This week, Weekend Reader brings you an excerpt from Mark Blyth’s new book, Austerity: The History Of A Dangerous Idea. Congress hasn’t passed a budget since 2009 — exposing the failure of a highly polarized government to agree on anything. The GOP remains completely unwilling to change or compromise their stance on the budget. They still uphold the idea that austerity, a combination of spending cuts and tax decreases, will somehow help the economy despite a majority of claims from expert economists who promise that austerity will not do anything but hurt our economy. Blyth, a political economist, explains the damage austerity has already done to our economy and what the future holds if Republicans win.
You can purchase the book here.
The Distribution of Debt and Deleveraging
Austerity advocates argue that regardless of its actual origins, since the debt ended up on the state’s “books,” its “balance sheet of assets and liabilities,” the state’s balance sheet must be reduced or the increased debt will undermine growth. The economic logic once again sounds plausible, but like Bill Gates walking into a bar and everyone becoming millionaires as a result (on average), it ignores the actual distribution of income and the critical issue of ability to pay. If state spending is cut, the effects of doing so are, quite simply, unfairly and unsustainably distributed. Personally, I am all in favor of “everyone tightening their belts”—as long as we are all wearing the same pants. But this is far from the case these days. Indeed, it is further from the case today than at any time since the 1920s.
As the Occupy movement highlighted in 2011, the wealth and income distributions of societies rocked by the financial crisis have become, over the past thirty years, extremely skewed. The bursting of the credit bubble has made this all too clear. In the United States, for example, the top 1 percent of the US income distribution now has a quarter of the country’s income. Or, to put it more dramatically, the richest 400 Americans own more assets than the bottom 150 million, while 46 million Americans, some 15 percent of the population, live in a family of four earning less than $22,314 per annum.
As Robert Wade has argued: The highest-earning 1 percent of Americans doubled their share of aggregate income (not including capital gains) from 8 percent in 1980 to over 18 percent in 2007. The top 0.1 percent (about 150,000 taxpayers) quadrupled their share, from 2 percent to 8 percent.

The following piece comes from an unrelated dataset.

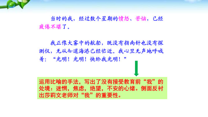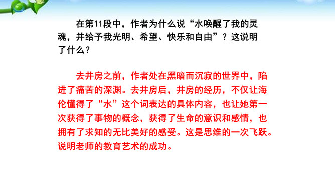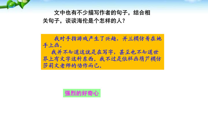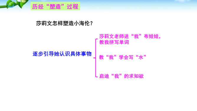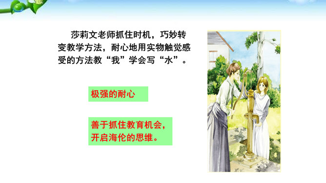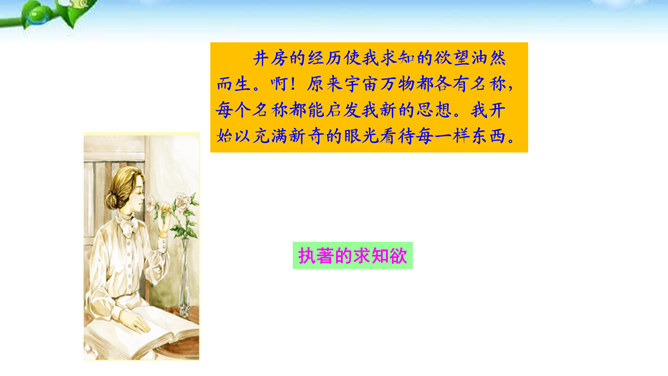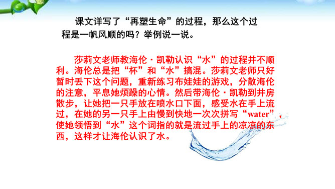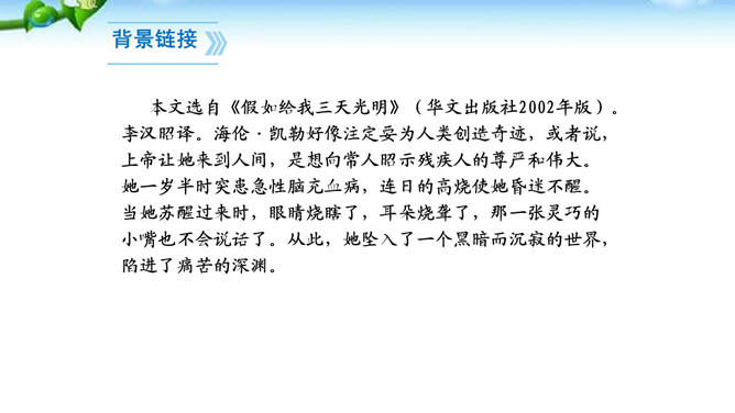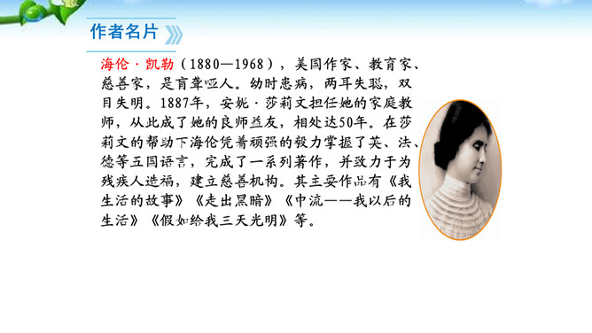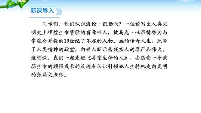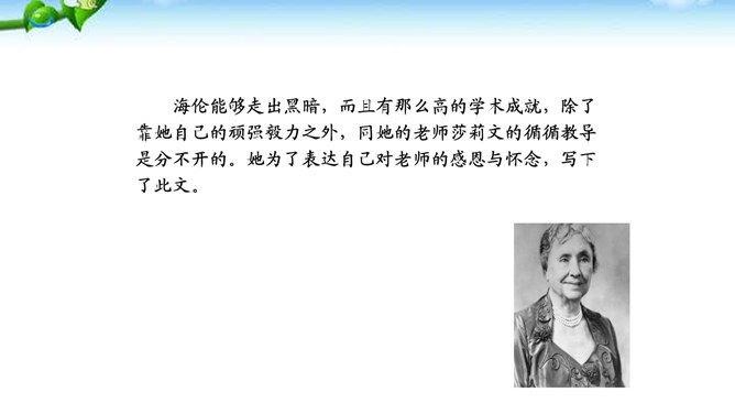 同学们,你们认识海伦·凯勒吗?一位谱写出人类文明史上辉煌生命赞歌的盲聋哑人,被马克·吐温赞誉为与拿破仑并提的19世纪了不起的人物。她的传奇人生,照亮了人类精神的殿堂,向世人昭示着残疾人的尊严和伟大。这堂课,我们一起走进课文,去感受一个病弱生命的顽强成长的足迹和认识引领她人生转机走向光明的莎莉文老师。海伦能够走出黑暗,而且有那么高的学术成就,除了靠她自己的顽强毅力之外,同她的老师莎莉文的循循教导是分不开的。她为了表达自己对老师的感恩与怀念,写下了此文。所属专题:再塑生命的人ppt。

Including capital gains makes the increase in inequality even sharper, with the top 1 percent getting 23 percent of all income by 2007. During the seven-year economic expansion of the Clinton administration, the top 1 percent captured 45 percent of the total growth in pre-tax income; while during the four-year expansion of the Bush administration the top 1 percent captured 73 percent…This is not a misprint.